Tuesday, June 19, 2012


I've written about this before, in fact, a number of times but today marks an official commitment I am making.  Once a week, every week, I hope to write a post specifically about metastatic breast cancer.  I've publicly expressed my concern for the 40,000 women in this country who will die of MBC this year.  I've publicly expressed my outrage (in a controlled voice, it WAS on the radio and the last thing the station needed was some lunatic woman screaming into a microphone) at the way those with metastatic disease are ignored.  I think I said things like, "They taint the ribbon."  Or, "They destroy the illusion of success and the image of hope that ribbon is meant to portray."  OR... "They are the dirty little secret of that ribbon."

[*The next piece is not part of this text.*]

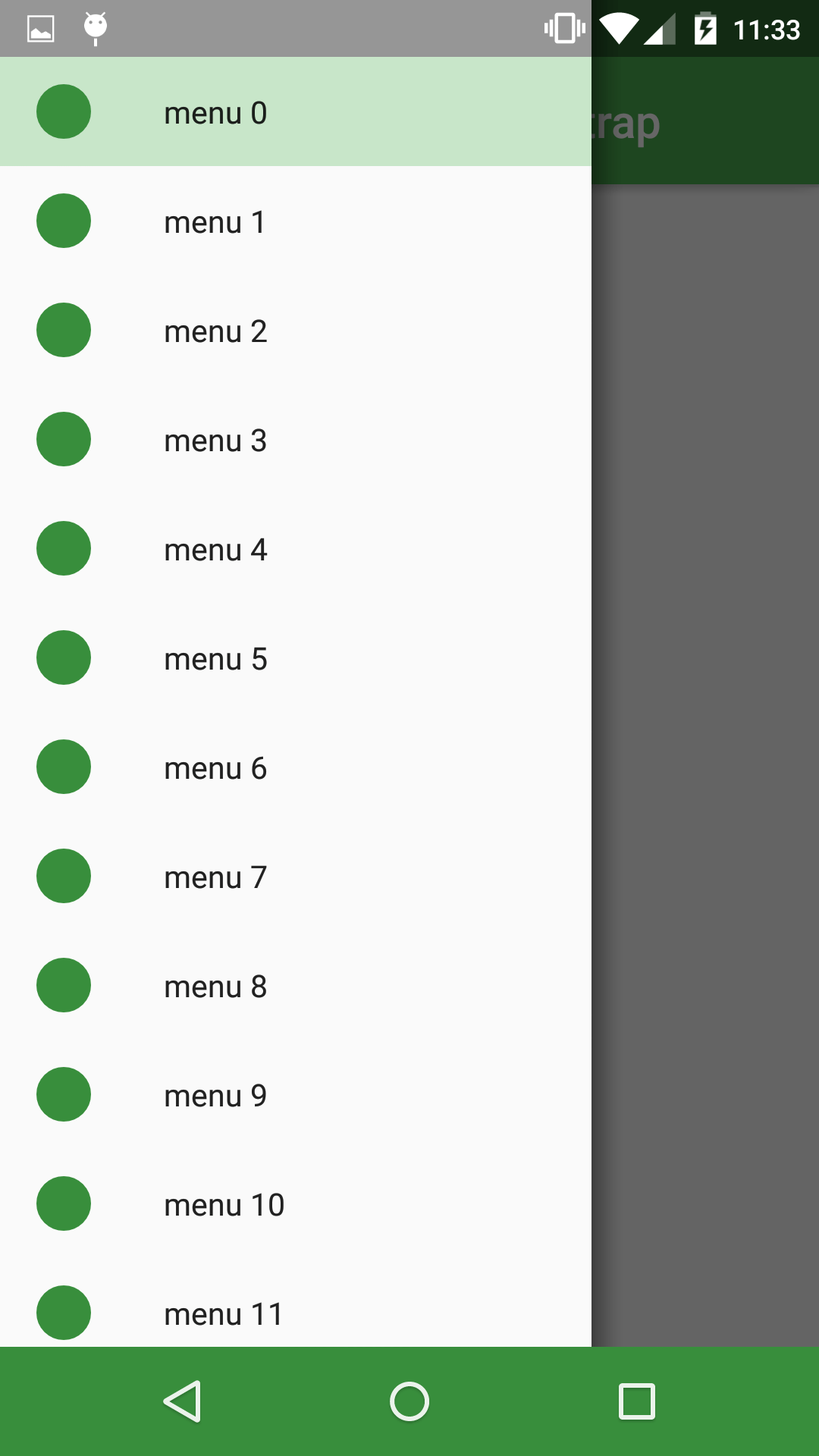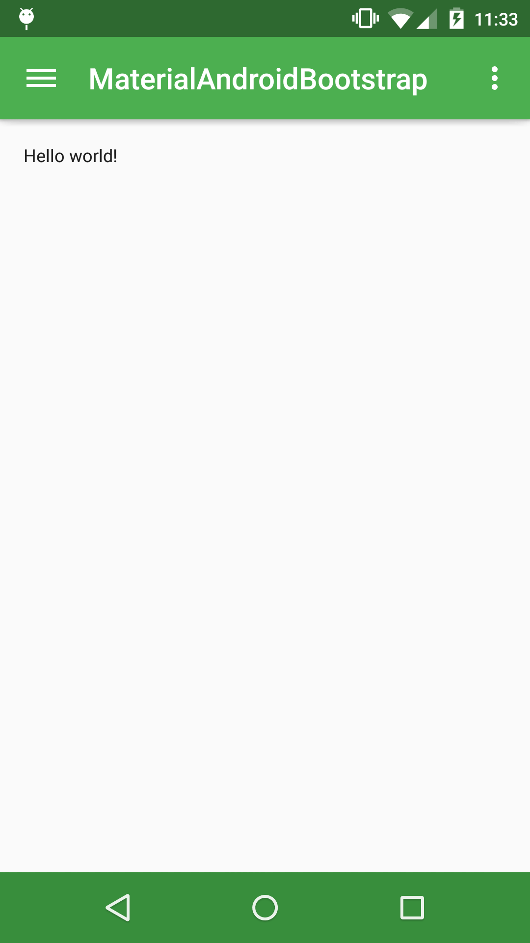 Si l’on se réfère aux specifications du Material Design, le menu doit prendre toute la hauteur de l’écran et se placer sous la barre de statut. Ceci n’est pas encore bien implémenté par tout le monde. De plus, l’implémentation n’est pas si simple. J’ai donc décidé de l’inclure dans ce squelette en ajoutant par là même, l’intéraction avec la Toolbar (pour pouvoir avoir l’icône hamburger sans avoir à ajouter de ressources). Je tiens au passage à remercier l’auteur de ce post qui m’a grandement aidé.

The fact is this.  THEY are women.  THEY are terminal.  THEY deserve far better than what they are getting from the breast cancer community at large.  THEY need our voices-pushing for more research dollars. Many of us in the blogging community are very vocal in our support for those who are staring down the barrel of the metastatic gun.  The flame of outrage that has been burning inside me was fueled further after the NBCC summit.  I shared a room with Lori.  She has MBC and thankfully is NED.  I met CJ who is the sole surviving founder of METAvivor.  I admittedly fell in love with both of them.

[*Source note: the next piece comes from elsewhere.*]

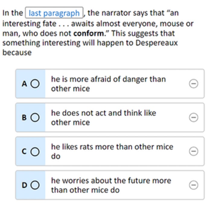 On the 2024 NAEP exam, 4th graders were asked to read a short passage from the book The Tale of Despereaux by Kate DiCamillo.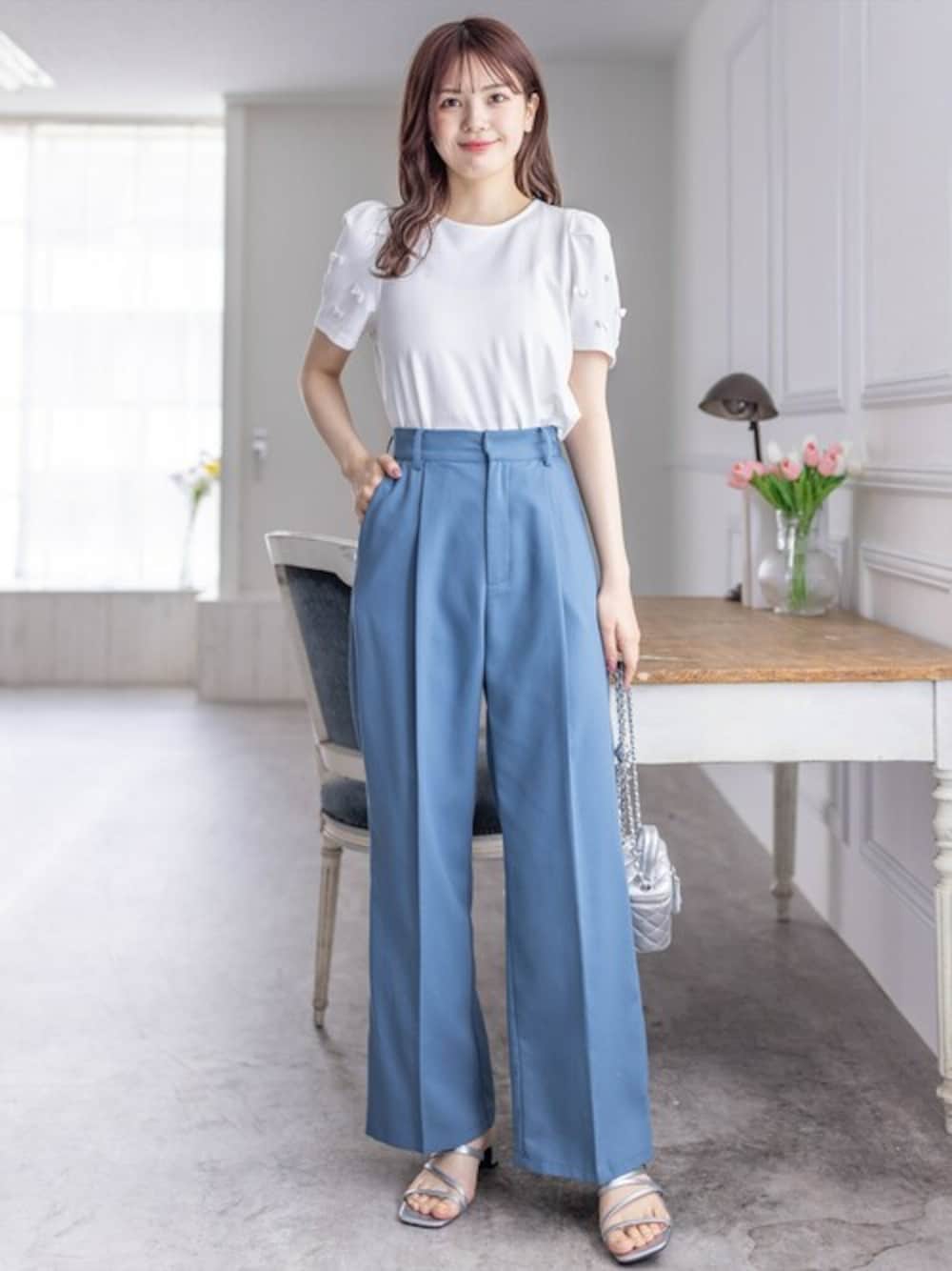 clear(クリア)(clear)のスラックス「【低身長サイズ有】ワンタックストレートパンツ[骨格ストレート オフィスカジュアル セットアップ可能]」を使ったコーディネート

My 39 year old friend died in January.  And then Rachel.  Immediately followed by Susan.  There were other bloggers with whom I was not familiar who have also died.  I've only been blogging for eleven months.  My corner of the blog world is not altogether that large.  A few of the blogs on that blogroll are written by women with MBC.  While I would like to designate those blogs, it feels too much like I am marking them with a scarlet letter.

One of the bloggers has most recently made a choice to stop treatment.  She chose quality over quantity.  My heart broke when I read about the choice she made.  Selfish on my part.  I want her around for a good long time.  Sadly, that will not be the case.  Others who have been in dire straits in the past couple of months seem to have emerged from their personal crises, THIS time.  Scans are clean FOR THE MOMENT and hopefully, for a very long time to come.  Still others are switching up meds hoping for a good result.  All of them are waiting, like Elizabeth Edwards said, "for the research to catch up" before the disease takes over.

When I was at MSK the other night and Kathy Bates spoke about her friendship with Lynn Redgrave, I'm sure my gasp was audible.  Lynn Redgrave held Kathy up through her diagnosis and treatment.  Lynn died.  Unlike her vow in that commercial for the American Cancer Society, she DID die of breast cancer.  She wanted to die laughing with her grandchildren or eating chocolate but she REFUSED to die of breast cancer.  Unfortunately, those diagnosed with metastatic disease don't get to make that choice.  It made for a powerful commercial.  And then, it made for a commercial that still haunts me.... and one, by the way, I can't find anywhere on the internet.

Here, however, is a thread from the forums at BreastCancer.org.  It's in the section specifically for metastatic patients and it's a candid discussion that punctuates my point.  The conversation thread, from October 2007, is about how they feel neglected, invisible, ignored.  I wonder how many of them are still alive?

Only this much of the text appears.